→ **TASK DESCRIPTION**:
For each record that follows, restate the text exactly and drop the pictures.
- Opening Delimiter -
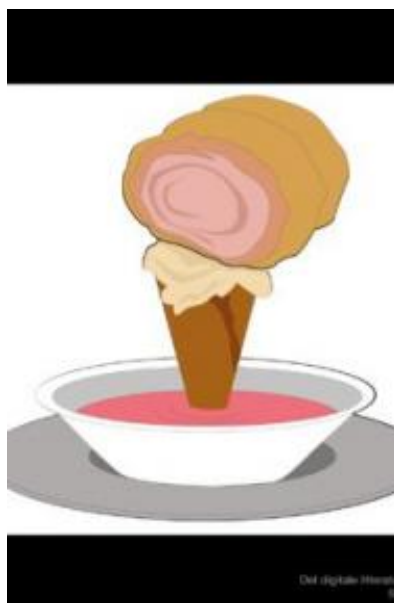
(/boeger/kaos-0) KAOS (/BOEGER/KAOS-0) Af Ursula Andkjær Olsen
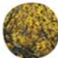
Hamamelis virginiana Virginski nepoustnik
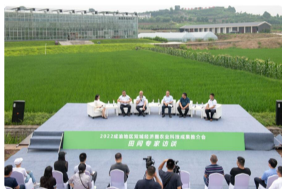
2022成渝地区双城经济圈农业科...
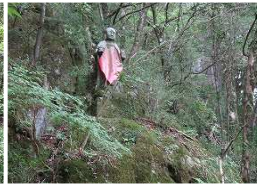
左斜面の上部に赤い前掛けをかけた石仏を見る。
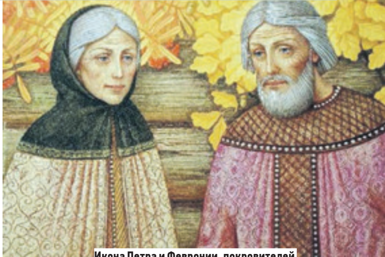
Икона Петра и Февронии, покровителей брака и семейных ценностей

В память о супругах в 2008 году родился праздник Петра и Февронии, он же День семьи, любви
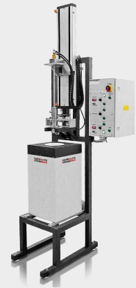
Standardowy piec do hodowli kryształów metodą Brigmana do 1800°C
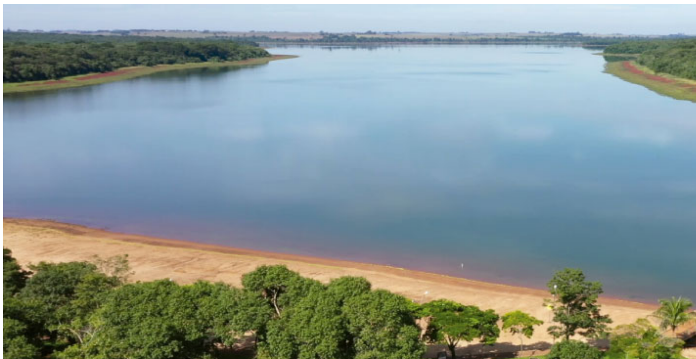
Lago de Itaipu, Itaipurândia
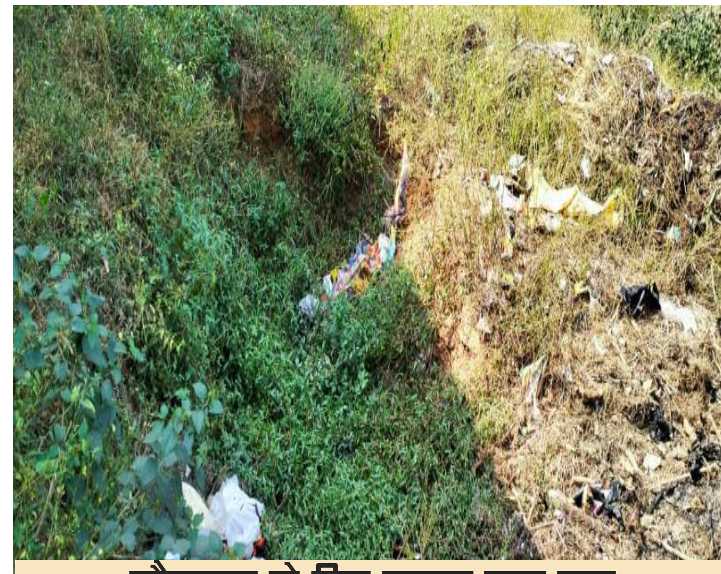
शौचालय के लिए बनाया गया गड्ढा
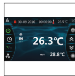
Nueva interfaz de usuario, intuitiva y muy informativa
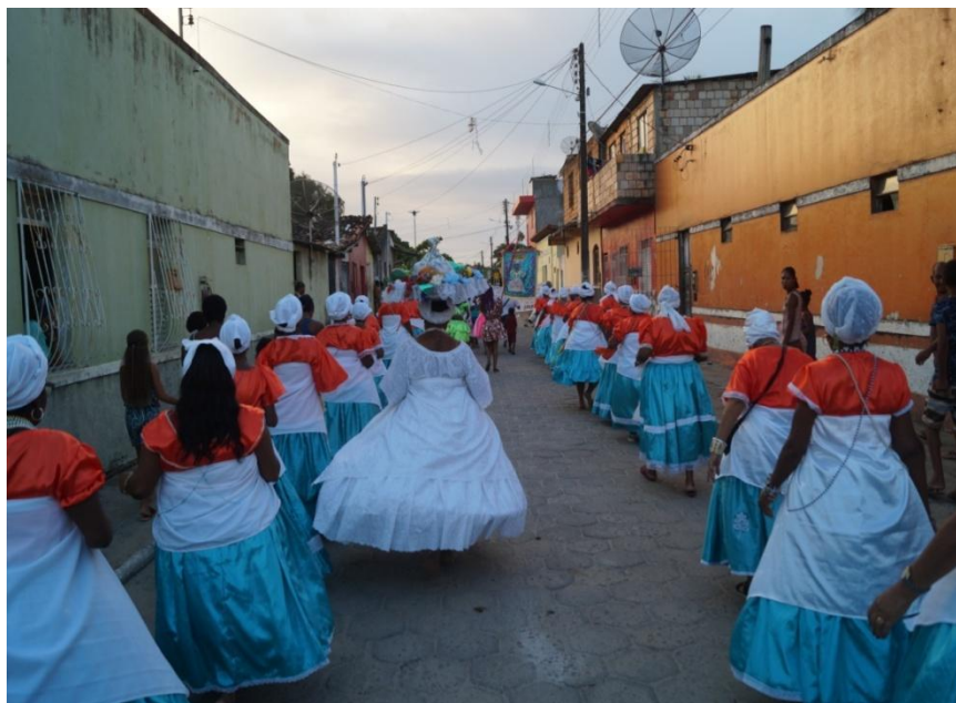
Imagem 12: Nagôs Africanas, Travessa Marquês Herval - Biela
- Closing Delimiter -
→ **EXERCISE OUTPUT**:
(/boeger/kaos-0) KAOS (/BOEGER/KAOS-0) Af Ursula Andkjær Olsen
Hamamelis virginiana Virginski nepoustnik
2022成渝地区双城经济圈农业科...
左斜面の上部に赤い前掛けをかけた石仏を見る。
Икона Петра и Февронии, покровителей брака и семейных ценностей

В память о супругах в 2008 году родился праздник Петра и Февронии, он же День семьи, любви
Standardowy piec do hodowli kryształów metodą Brigmana do 1800°C
Lago de Itaipu, Itaipurândia
शौचालय के लिए बनाया गया गड्ढा
Nueva interfaz de usuario, intuitiva y muy informativa
Imagem 12: Nagôs Africanas, Travessa Marquês Herval - Biela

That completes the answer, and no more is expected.